PROBLEM STATEMENT: Up to and including the line that contains "Auch die Absolvent*innen", write out every line of the entries exactly, beginning with the first. Omit the pictures.

------

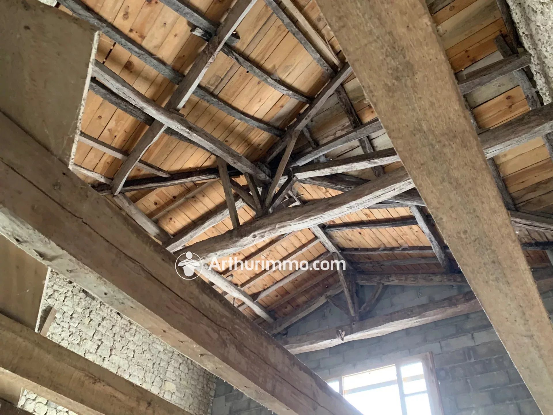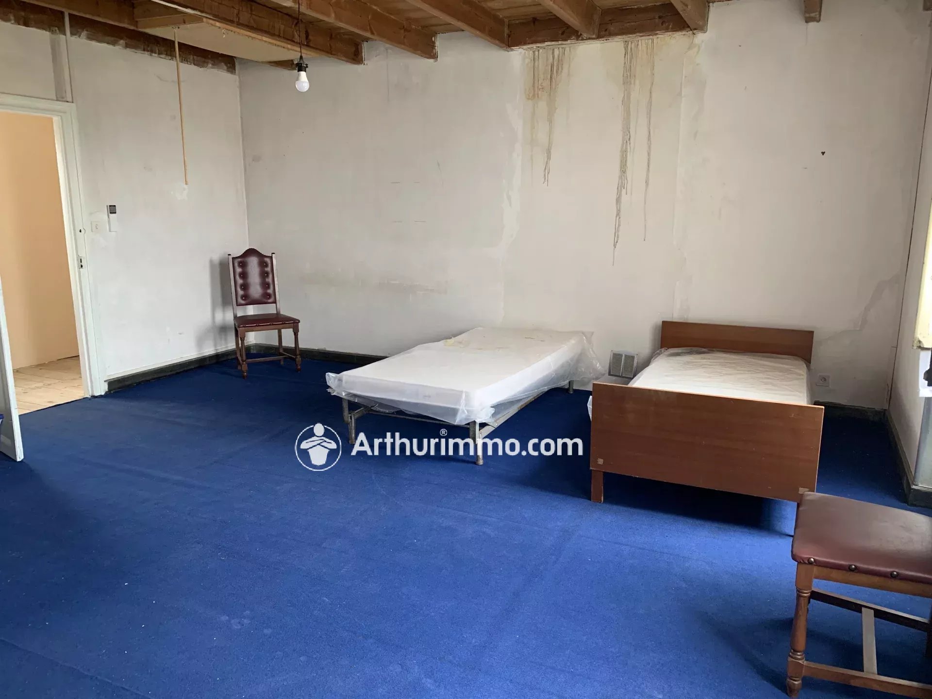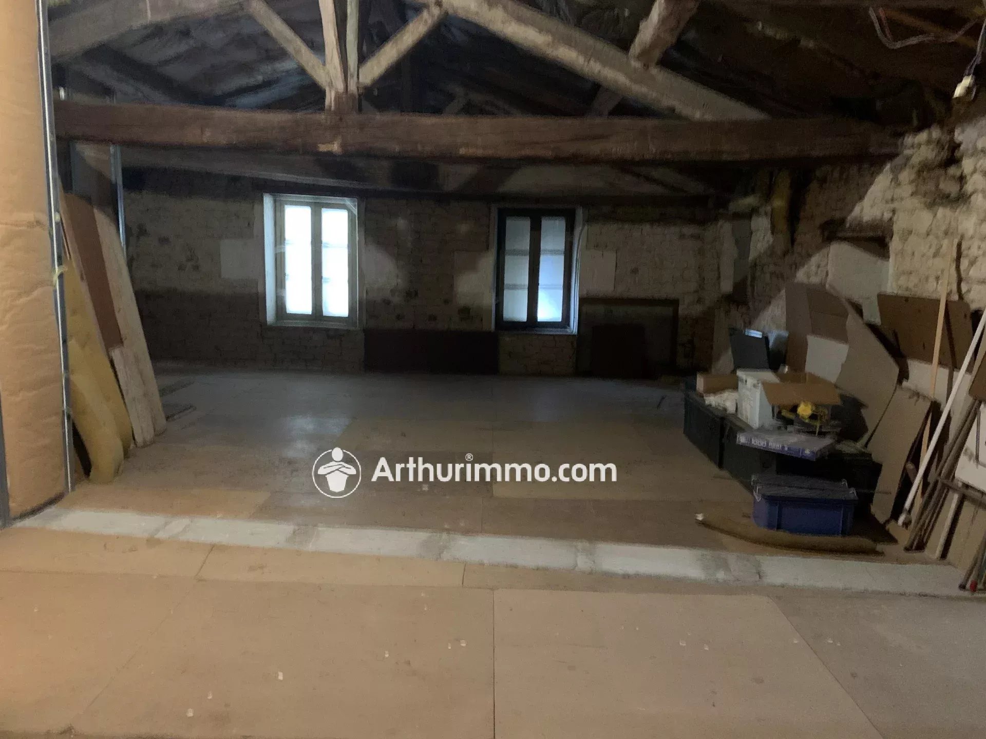 A l'étage, grand grenier aménageable de 75 m2 avec point d'eau (WC et lave-mains).
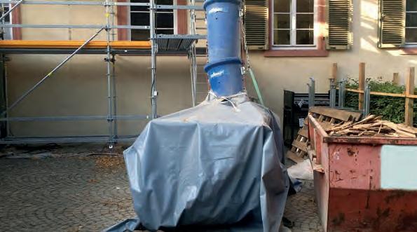 Ich bin: eine wasser- und staubdichte Containerplane mit Einfüllstutzen für Schüttgrutschen (frei konfektio nierbar aus PVC, 630g/m) und gut gegen: groben wie feinen Dreck beim Befüllen von Stand containern auf Baustellen z.B. beim Entkernen
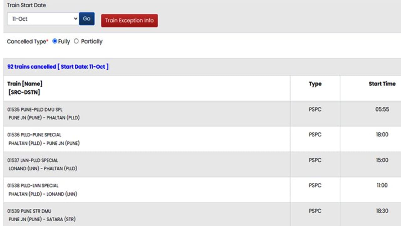 5- इसे सिलेक्ट करते ही आपके सामने उस दिन की पूरी तरह कैंसिल और आंशिक रूप से कैंसिल ट्रेनों की लिस्ट सामने आ जाएगी।
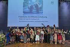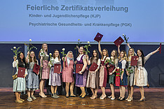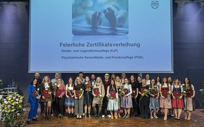 Auch die Absolvent*innen des akademischen Lehrgangs Psychiatrische Gesundheits- und Krankenpflege schlossen ihre Weiterbildung mit der entsprechenden Berufsberechtigung ab. Während der Ausbildung vertieften sie ihre fachlichen und persönlichen Kompetenzen, um Menschen mit psychiatrischen Erkrankungen professionell zu begleiten und ihre Selbstständigkeit im Alltag zu fördern.
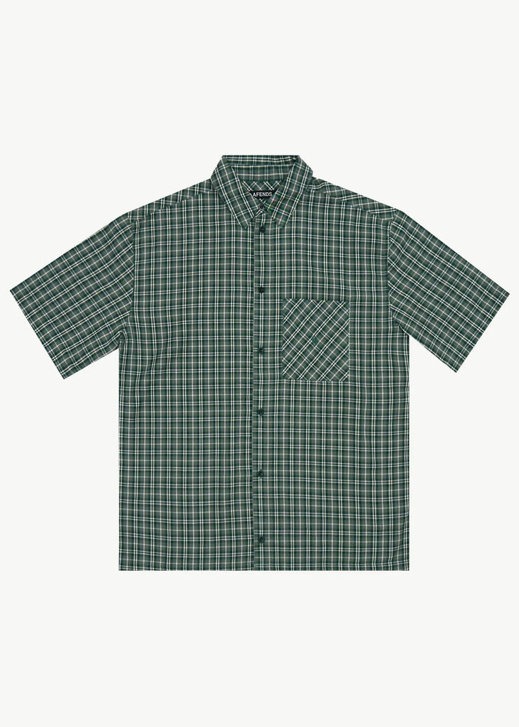 Afends'Shipwreck' in a new pine colour. Designed with a boxy fit, traditional collar and left patch pocket with an embroidered flame. Made from a lightweight and breathable fabrication.
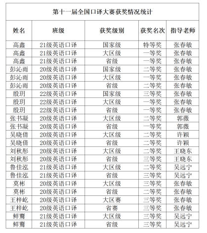 4月7日,第十一届全国口译大赛总决赛于线上落幕,8040威尼斯最佳登录8040威尼斯手机入口网站口译研究生高鑫获得大赛全国特等奖(季军)、彭沁雨获得全国二等奖、殷玥获得全国三等奖,张书凝、吴晓倩、刘秋彤、鲁佳泓获得大区级二等奖,莫彬、王梓屹、鲜鶱获得大区级三等奖,指导老师吴远宁教授、张春敏教授、郭薇副教授、许颖副教授、王晓东副教授获得“优秀指导老师”奖。
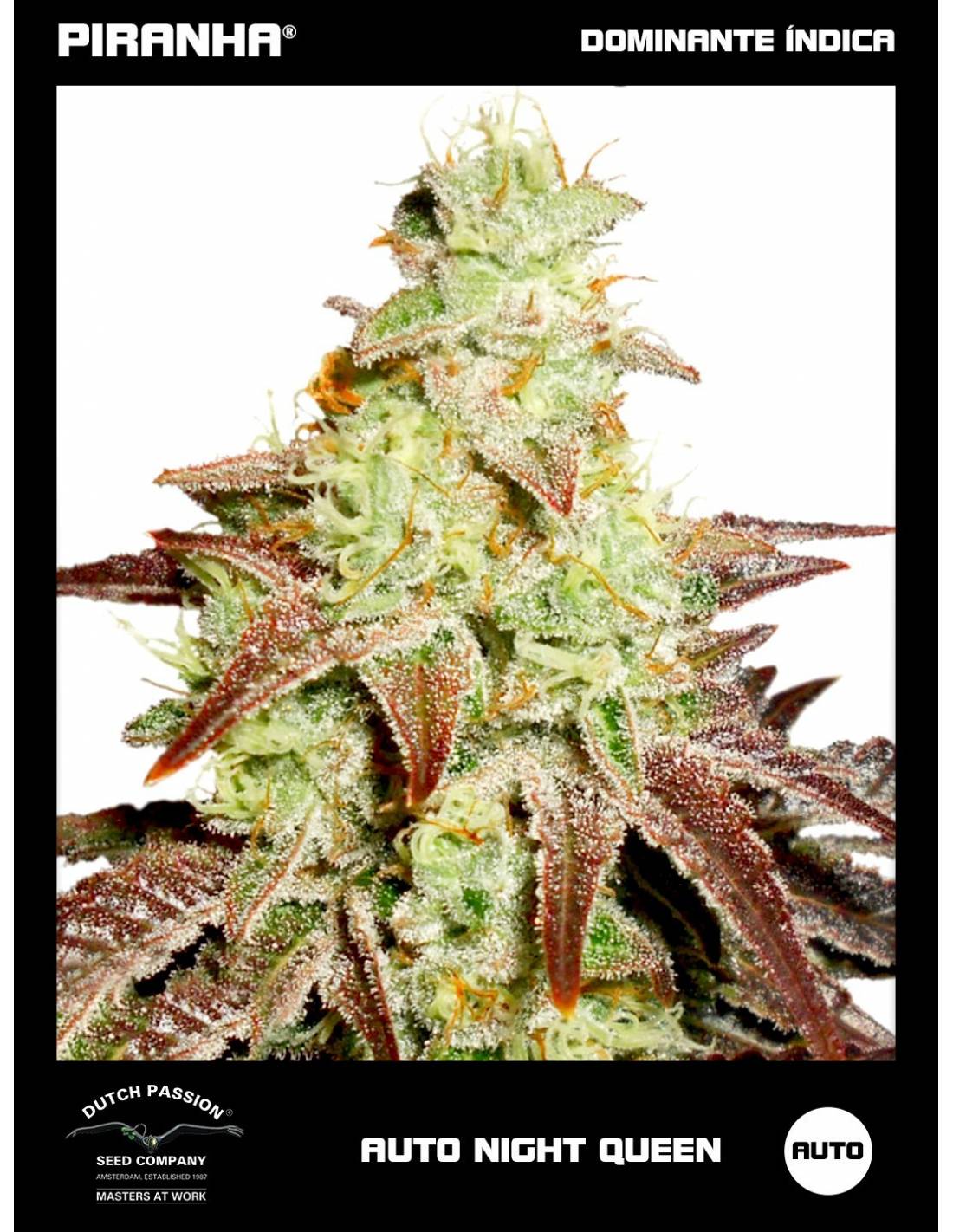 La Auto Night Queen se creó a partir de la Night Queen original afgana, una variedad muy resinosa. Indica muy potente, con unos niveles de THC superiores al 20 %, ganó un premio en la Champions Cup 2015 de Málaga. Continúa la tradición familiar con las pegajosas cosechas Kush de excelente potencia, muy por encima de la media en cuanto a calidad y cantidad.
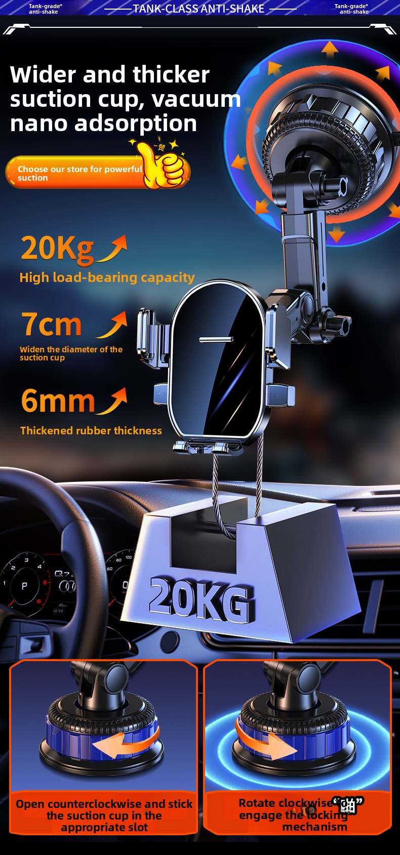 Built with durable HIPS (High Impact Polystyrene) and a dual-color injection molded design, this phone holder offers impact resistance, lightweight performance, and long-lasting durability. The shock-absorbing structure helps minimize vibration while driving, protecting your device from slipping or shaking.

------

WRITTEN ANSWER:
 A l'étage, grand grenier aménageable de 75 m2 avec point d'eau (WC et lave-mains).
 Ich bin: eine wasser- und staubdichte Containerplane mit Einfüllstutzen für Schüttgrutschen (frei konfektio nierbar aus PVC, 630g/m) und gut gegen: groben wie feinen Dreck beim Befüllen von Stand containern auf Baustellen z.B. beim Entkernen
 5- इसे सिलेक्ट करते ही आपके सामने उस दिन की पूरी तरह कैंसिल और आंशिक रूप से कैंसिल ट्रेनों की लिस्ट सामने आ जाएगी।
 Auch die Absolvent*innen des akademischen Lehrgangs Psychiatrische Gesundheits- und Krankenpflege schlossen ihre Weiterbildung mit der entsprechenden Berufsberechtigung ab. Während der Ausbildung vertieften sie ihre fachlichen und persönlichen Kompetenzen, um Menschen mit psychiatrischen Erkrankungen professionell zu begleiten und ihre Selbstständigkeit im Alltag zu fördern.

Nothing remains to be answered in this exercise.